WWMAD: Help! She’s a chronic-coffee-breath-close-talker!

Due to technical difficulties, this post should have aired Sunday and did not. Your blog mistress is much mortified that her carefully pre-scheduled post did not run while she was out of town but its Hoot Suite scheduled Tweets most certainly did. Fear not: This Sunday series will return on Sundays, allowing readers to ask the queen for advice on life and love. Ask your own questions at whatwouldmarieantoinettedo at gmail dot com.

Venus will promote one of these cherubs to head angel. I promise you, it won't be the smelly close-talker. Francois Boucher, the Toilet of Venus

Dear Marie,

I have a coworker who is very nice but she’s the type to wear blue panties beneath her white slacks and bring her coffee cup into the ladies room. These things are odd and sometimes disgusting but don’t really impact the rest of us, so we’ve said nothing. However, she is a chronic coffee drinker and has interminable coffee breath. She’s also what Seinfeld calls “a close talker.” What do we do?
–The Cubemate

Mlle. Cube mate,

Grooming is an essential issue — one that can interfere with one’s rise to power. My sister-in-law, The Comtesse de Provence, Marie Josephine Louise of Savoy, on paper, seemed a fitting rival for someone like yours truly. Mme. Du Barry planned her a wedding that was grand as mine, and having Louis XV’s gal on your side is no small feat. The Comtesse was younger than me and not Austrian, and seemed well on the road to being everyone’s favorite. At least that’s what she thought. She once even declared:  “If I am not to be a queen, I am of the stuff of which queens are made.”

Sadly, my darling Comtesse was smelly girl. A smelly, smelly, smelly girl. She was smelly even for Versailles, which was something since this was a palace where courtiers relieved themselves in stairwells. Louis XV asked his ambassador to have her father, King Victor Amadeus III, have a talk with her.

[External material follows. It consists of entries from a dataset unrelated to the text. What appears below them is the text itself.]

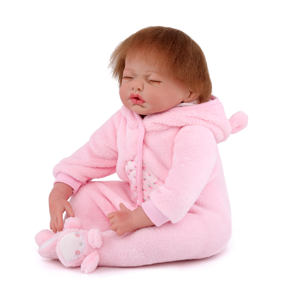 Кукла Реборн мягконабивная (Reborn Cloth Body Doll 22 inch) Мальчик в розовом ночном халате с ушками (56 см).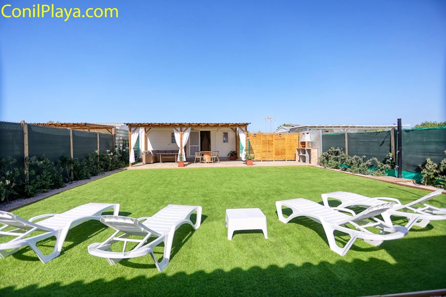 - Jardín: Espacio privado con césped, tumbonas y ducha exterior.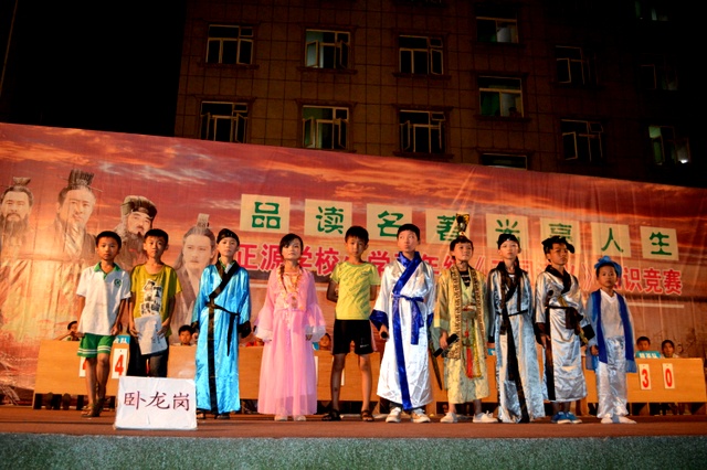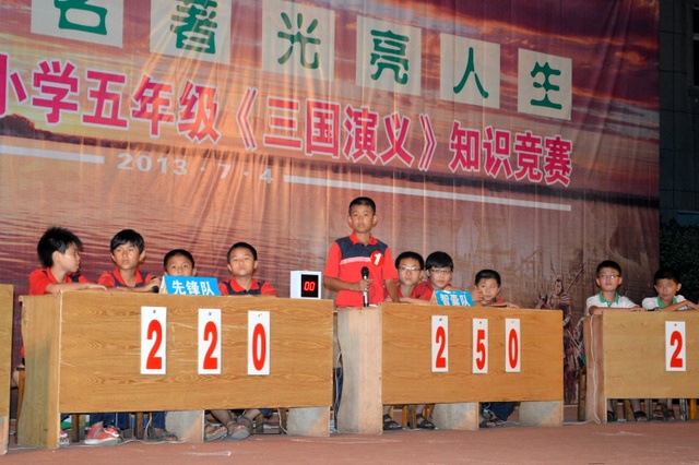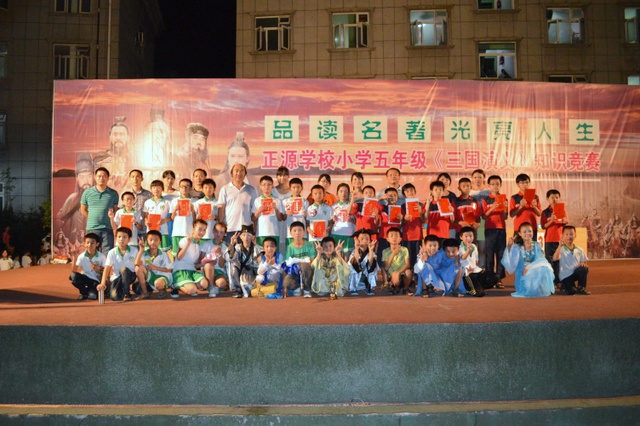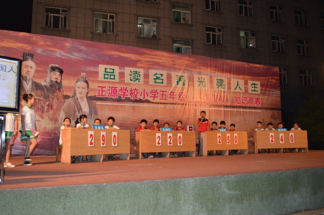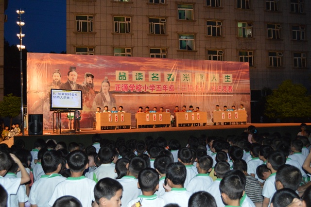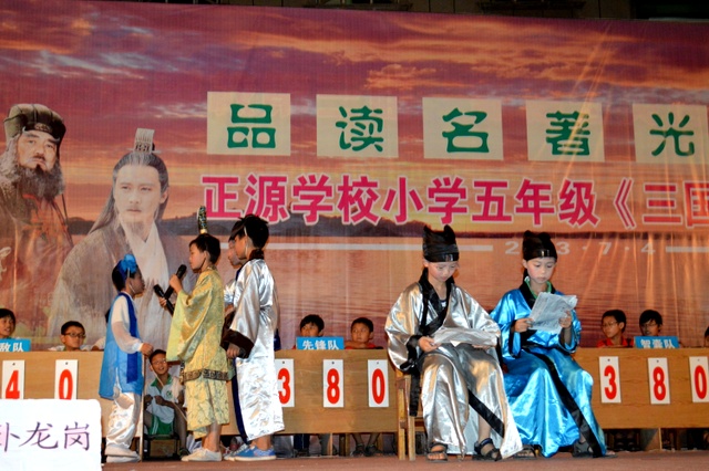 “语文抓阅读,数学搞竞赛”是正源学校创新教育的特色之一。2001年以来,小学部在四、五年级阶段,特别开设了《水浒传》、《三国演义》等古典名著阅读课。7月4日晚7点,在小学部运动场举行了“品读名著、光亮人生”《三国演义》知识竞赛。此次竞赛,为了检验这届学生阅读成果,同时也是对教师教学情况的检阅。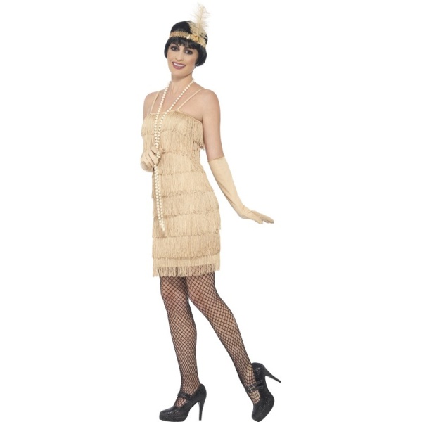 30. roky sa vyznačovali nielen charlestonom, ale aj jazzom. K tomu patrila aj táto veľmi elegantná móda, ako sú tieto zlaté flapper šaty so strapcami v štýle štýl "Veľký Gatsby". Zapínajú sa na boku na zips.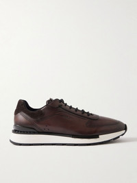 Berluti's 'Fast Track' sneakers have been made in Italy from the label's full-grain Venezia Softy leather that's hand-applied for a rich, nuanced patina. They're trimmed with matching suede along the heel tabs and lined in breathable mesh for comfort. Size & Fit - Fits true to size. Take your normal size - UK sizing Details & Care - Tonal-brown full-grain Venezia Softy leather and suede (Calf) - Lace-up - Designer colour: Soft Brown - Style number: S6377-001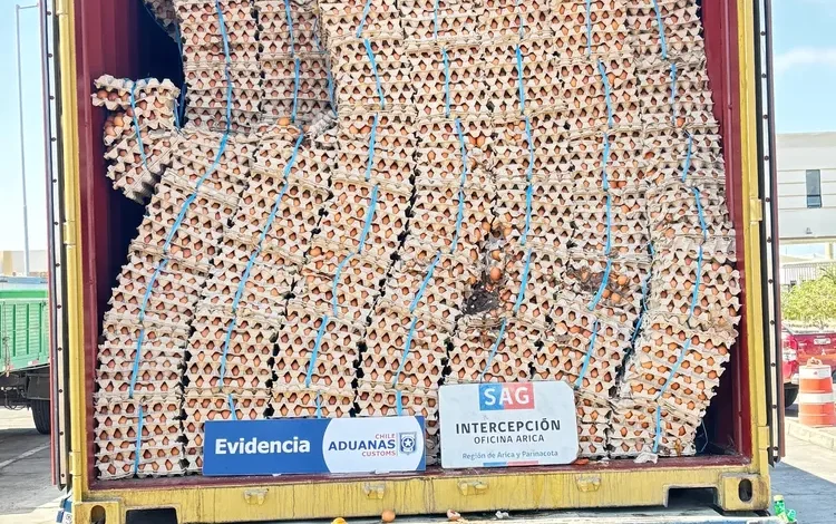 En el camión, que supuestamente estaba vacío, además se hallaron 870 kilos de productos agrícolas, 390 unidades de plaguicidas y 480 cajetillas de cigarrillos. En el marco del trabajo colaborativo entre el Servicio Agrícola y Ganadero (SAG) y el Servicio Nacional de Aduanas, además de las policías, se desarrolló un operativo de fiscalización que permitió interceptar un importante cargamento de productos agropecuarios de ingreso clandestino desde Bolivia, reforzando las acciones de control sanitario y contrabando en la frontera norte del país. La acción fue liderada por el equipo del Centro Integrado de Inspección y Monitoreo de Seguridad (CIIMS) del SAG y funcionarios de la Aduana Regional de Arica, quienes activaron los protocolos de inspección y verificación, confirmando la procedencia ilegal de los productos. El operativo comenzó con alertas emanadas desde Carabineros y la Policía de Investigaciones, por lo que al detectarse la presencia del camión sospechoso en la frontera manifestando un contenedor vacío, funcionarios de Aduanas al fiscalizar el contenedor descubrieron la presencia de gran cantidad de bandejas con huevos. Por lo que el vehículo fue escoltado desde el paso fronterizo Chungará hasta el Puerto de Arica para ser revisado con el portal escáner de Aduanas. Las imágenes de rayos X revelaron que la zona de carga del vehículo no estaba vacía, como había sido declarado por el conductor boliviano de iniciales B.F.M, sino que estaba repleta de diversos tipos de mercancías. De manera conjunta, Aduanas y SAG realizaron la apertura y revisión detallada de todo el cargamento, descubriéndose el millonario contrabando: 400 mil huevos de origen boliviano, 480 cajetillas de cigarrillos marca Gift, 390 unidades de plaguicidas, 870 kilos de frutas y 240 unidades de rollos de papel higiénico. El Director Regional del SAG, Álvaro Alegría Matus, destacó que este tipo de procedimientos refleja la eficacia del trabajo conjunto en frontera. “La coordinación con Aduanas es fundamental para prevenir el ingreso de productos que ponen en riesgo la sanidad agropecuaria y la salud pública. Nuestro compromiso es seguir reforzando las acciones de fiscalización y resguardo del patrimonio fito y zoosanitario del país”, señaló. Por su parte, el Director Regional (s) de Aduanas, James Alarcón Contreras, subrayó la importancia de la colaboración entre los servicios públicos en los controles fronterizos. “El camino para enfrentar las diversas formas de crimen organizado y lo intentos de vulnerar las fronteras, es a través del trabajo conjunto con las otras instituciones y el uso de todas las capacidades de los funcionarios y herramientas tecnológicas con que contamos“.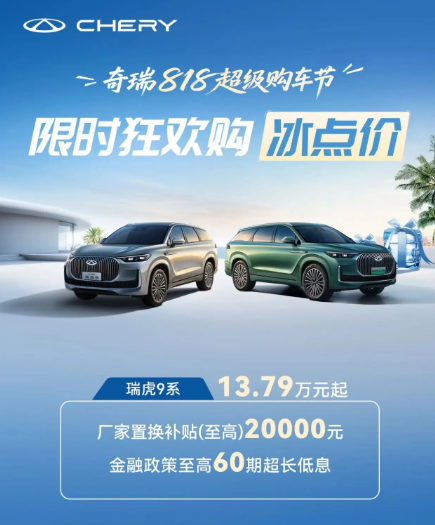 奇瑞818超级购车节!818限时冰点价来袭,冰点价4.99万元起开新车,是的,你没有听错,瑞虎3x卓越版自动挡,现金一口价4.99万元起, 参与这次活动的车型有瑞虎9,瑞虎8系,瑞虎7plus等车型,

Among the French King’s recommendations were that, if she had the chance, to wash her neck, clean her teeth and comb her hair. Her father wrote her and reminded her not to neglect herself, but her stock had already plummeted. She couldn’t keep the interest of Du Barry, who started to dislike her, King Louis XV clearly preferred my sparkling company to that of the Comtesse, and since the Savoy princess could not produce an heir, she lost any hope of influence she might have had at Versailles. People still disliked me, but that was because I was pretty and the daughter of an Empress. No one could deny I looked – and smelled – like royalty.

If this is your dear friend, you need to say something. Don’t be coy, or she might not understand it’s a problem. You might even bring a travel brush and paste for her to use straight away.

If this is your rival or someone that you do not especially like, do nothing at all. Conduct as many affairs as possible through the email, phone and the post if you must to suffer through. Odd people who cannot floss don’t usually move ahead and it won’t be long until you are installed in an office somewhere upwind from your colleague.